Jakarta – Penerimaan negara dari cukai hasil tembakau berpotensi mengalami penurunan signifikan akibat maraknya fenomena downtrading atau peralihan konsumsi masyarakat ke rokok murah. Hal ini diungkapkan oleh Direktur Jenderal Bea dan Cukai Kementerian Keuangan, Askolani, saat Rapat Dengar Pendapat (RDP) dengan Komisi XI DPR RI, Rabu (7/5).
Menurut Askolani, tidak adanya kenaikan tarif cukai pada 2025 menjadi salah satu penyebab penurunan penerimaan cukai rokok. Selain itu, tren downtrading semakin meningkat seiring melemahnya daya beli masyarakat.
“Kenaikan tarif cukai kini tidak lagi berdampak langsung pada peningkatan penerimaan, justru sebaliknya. Saat tarif dinaikkan, produksi rokok cenderung menurun,” ungkap Askolani.
Data Ditjen Bea dan Cukai menunjukkan bahwa penerimaan cukai hasil tembakau pada kuartal I 2025 hanya tumbuh 5,6% secara tahunan. Pertumbuhan tersebut dipengaruhi oleh pergeseran pelunasan cukai menjelang Lebaran sebesar Rp 4,6 triliun, sementara produksi rokok turun 4,2% secara tahunan.

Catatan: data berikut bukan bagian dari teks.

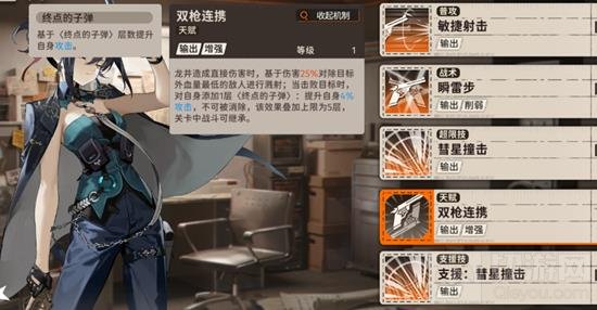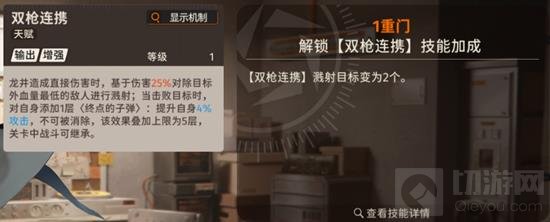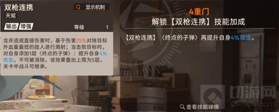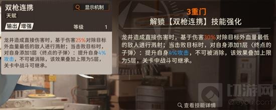 天赋技能【双枪连携】:龙井造成直接伤害的25%(30%为三重门效果)会对除目标以外的血量最低的敌人进行溅射伤害。击败敌人时,给自己添加一层攻击加成BUFF,溅射伤害击败敌人也会给自己增加攻击力BUFF。溅射伤害是基于对选定目标造成的伤害量计算的,不受溅射敌人的防御属性影响。

Produksi rokok golongan satu mengalami penurunan hingga 10,9%, sedangkan produksi rokok golongan dua dan tiga masing-masing naik sebesar 1,3% dan 7,4%. Askolani menambahkan, kebijakan tarif cukai kini mulai elastis. Dampaknya tidak lagi linier terhadap penerimaan negara.
“Pada 2022, penerimaan cukai tembakau mencapai Rp 218 triliun. Namun, dalam dua tahun terakhir, penerimaannya cenderung turun, yakni Rp 213 triliun pada 2023 dan Rp 216 triliun pada 2024,” jelas Askolani.
Dengan kondisi tersebut, pemerintah harus segera mencari solusi agar penerimaan negara dari cukai rokok tidak terus tergerus akibat pergeseran konsumsi masyarakat ke rokok murah.